David W. Adamson, President and CEO of Rubicon Minerals Corporation ("Rubicon") (TSX:RMX)(AMEX:RBY), is pleased to announce that Africo Resources Ltd. ("Africo"), a company in which Rubicon currently holds an approximate 39.6% interest, has closed its previously announced offering of Subscription Receipts (the "Offering"). Africo has issued 5 million Subscription Receipts on a private placement basis to investors at a price of $4.00 per Subscription Receipt, for aggregate gross proceeds of $20 million (the "Offering").
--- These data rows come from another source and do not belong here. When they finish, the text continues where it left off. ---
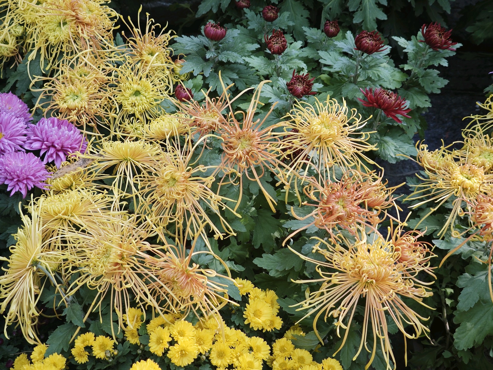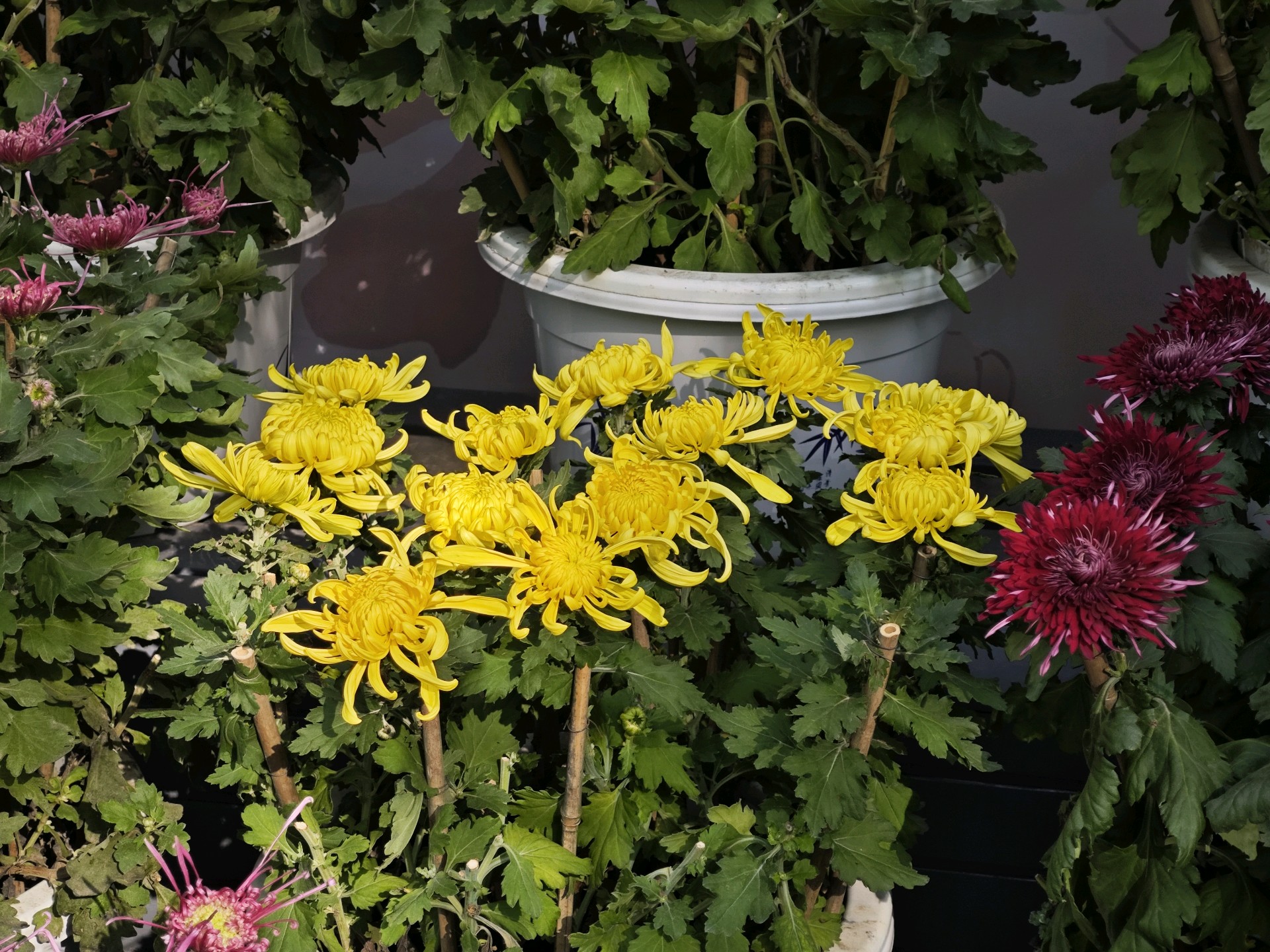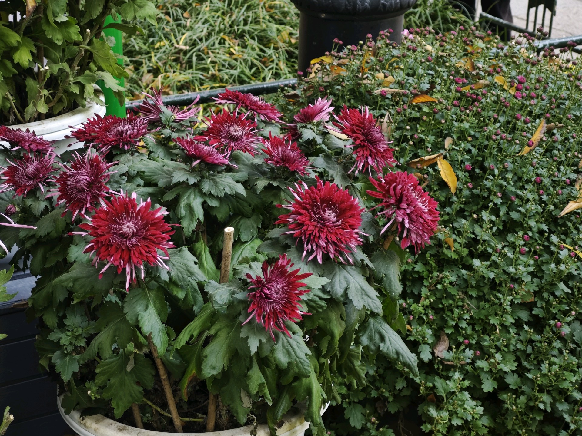 - 秋天的菊,红似火,粉如霞,白若雪,大如彩球,小似花灯,在霜风中尽显婀娜。- 深秋百花谢,唯菊傲霜开。纤细花瓣垂卷,红芯娇羞,黄如金灿,白似雪纯,美轮美奂。- 秋风起,菊花香。那金黄的菊花如阳光倾洒,白菊似霜华凝结,瓣瓣舒展,韵致悠然。红艳艳的花朵盛开在绿叶丛中,像一团燃烧的火焰,美丽极了!🌸🌺
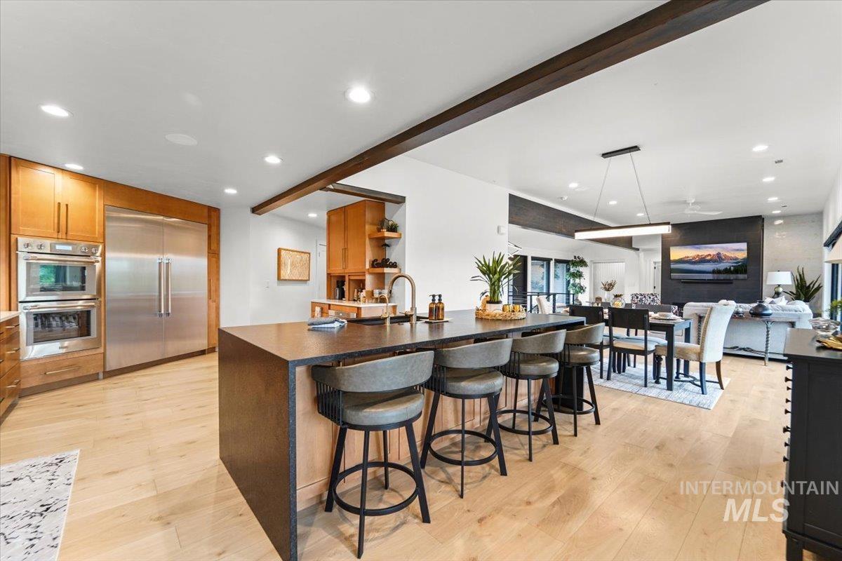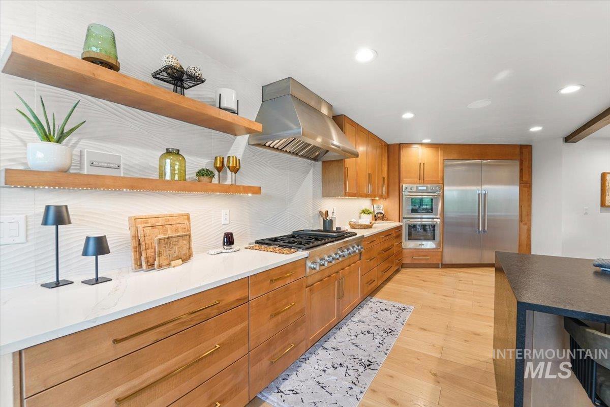 Location is the word of the day with this luxurious fully remodeled estate on desirable Mountain View Drive centrally located for extraordinary convenience. This beauty boasts breathtaking views and unmatched amenities. Exquisitely designed for multi-generational living, should you have this need, with two main house kitchens and a separate apartment. This stunning home showcases high-end finishes, a chef’s kitchen with Thermador appliances, and a gas fireplace. The main floor is thoughtfully designed for ultimate privacy in the primary suite; its own private retreat with a spa-inspired en suite that includes a glass-enclosed walk-in shower and tub, spacious walk-in closet, plus large sliding doors which lead out to two decks—one with a hot tub and sauna with red-light therapy. Experience stellar views from almost every corner of this home. The daylight basement offers views, an outdoor deck that leads to the pool plus two bedrooms, a kitchen, family room, recreation room and 2.5 baths. The breathtaking outdoor living areas include a built-in pool, fruit trees, multiple decks for entertaining plus a play area with trampoline, play set and tree house for outdoor fun. Plenty of parking for your RV and other toys. A shed and a dream shop with apartment round out this resort-style retreat with a private gate that opens to the home`s entrance. This is a rare beauty in a stellar location
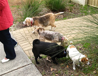 Feeding time. John is here - Allie, Harry and Ari line up for their share:
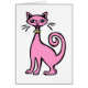 A retro style pussy cat in pink, with a diamond studded golden collar. An original drawing by Nicolette Amanda Berry.
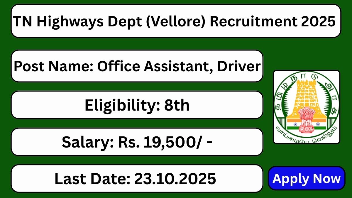 TN Highways Department (Vellore) Recruitment 2025 – Overview
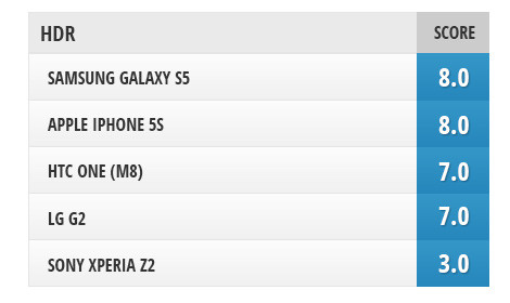 Về khả năng chụp HDR, Galaxy S5 vẫn là cái tên đứng đầu với các ảnh chụp đẹp, đặc biệt các vùng tối được cải thiện đáng kể nhưng hình ảnh có phần không tự nhiên. iPhone 5s cho hình ảnh thực hơn nhờ có các thuật toán đi kèm thực hiện điều này. One M8 lại cho thấy chất lượng hình ảnh của mình chụp ra không “thực” cho lắm. Xperia Z2 đứng “bét bảng” bởi chất lượng ảnh chụp khá tệ: độ tương phản kém, ánh sáng, bóng tối chưa hiển thị đầy đủ.
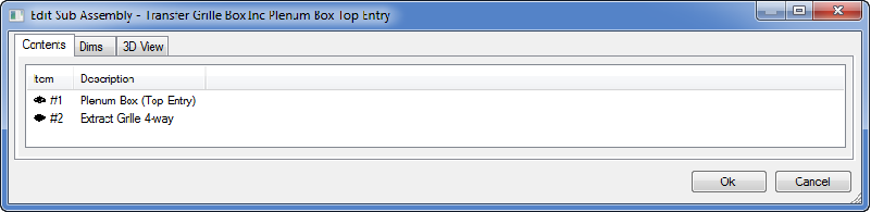 Right-click on a sub assembly to display the Edit Subassembly dialog. This dialog has three tabs: Contents, Dims, and 3D View. Each is described below.
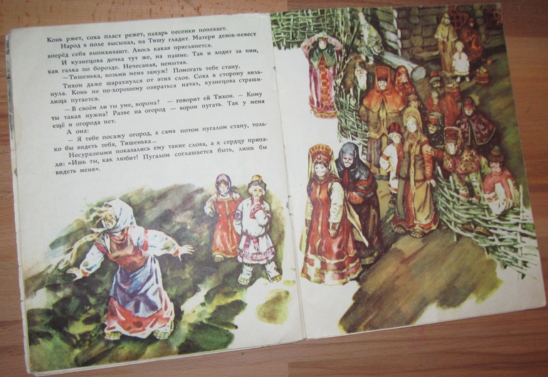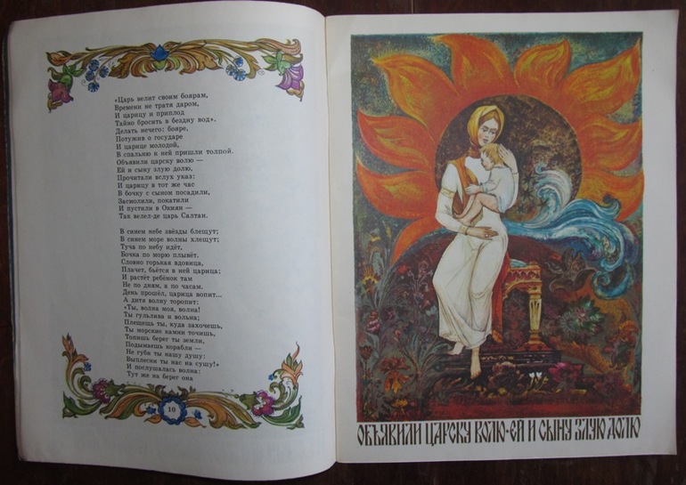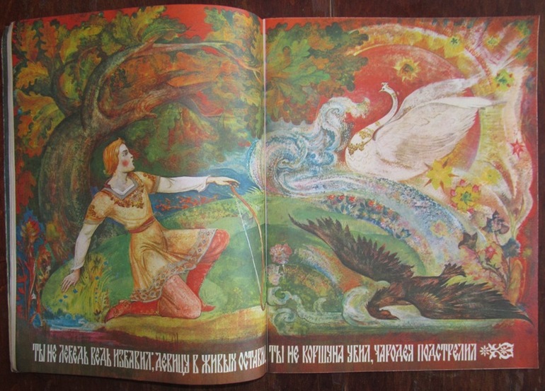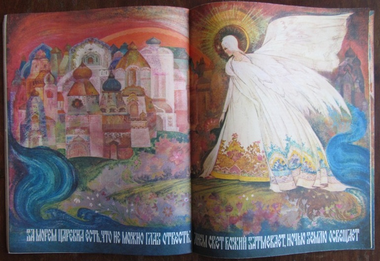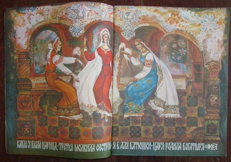 Замечу еще, что новая такая же книга - она совсем не та, что была у вас в детстве. Это я на «Царе Салтане» ясно увидела. Новая - она всё же чужая. Сначала мне даже показалось, что цвета не те, печать не та. Сверяла с лупой! Все полностью одинаковое, а вот души моей в новой книге уже нет. Вся душа в моей старенькой осталась! Так что новую уже будет ребенок оживлять, жизнь дарить )) Пока она у нас как музейный экспонат ))

Agents for the Offering consisted of a syndicate which was led by Canaccord Capital Corporation and included TD Securities Inc. and Haywood Securities Inc. (collectively, the "Agents"). Each Subscription Receipt entitles the holder thereof to receive, pursuant to the Arrangement (as defined below), subject to adjustment and without payment of any additional consideration or any further action on the part of the holder, one common share (the "Subscription Receipt Shares") and one-half of one warrant (each whole warrant a "Warrant") of CopperCo Resource Corp. ("CopperCo"). Each whole Warrant will be exercisable to acquire one common share of CopperCo, subject to adjustment, at an exercise price of $5.00 until May 23, 2008, provided that if the closing price of the common shares of CopperCo on the applicable stock exchange is equal to or greater than $6.15 per common share for a period of 20 consecutive trading days (irrespective of whether the common shares of CopperCo have traded on a given day within such 20 day period) any time after May 23, 2007, CopperCo may accelerate the expiry date of the Warrants by giving notice to the holders thereof and in such case the Warrants will expire on the 30th day after the date on which such notice is given by CopperCo. CopperCo will be a new publicly listed company holding 100% of the outstanding shares of Africo following completion of Rubicon's proposed plan of arrangement (the "Arrangement"), and will change its name to Africo Resources Ltd. as part of the Arrangement.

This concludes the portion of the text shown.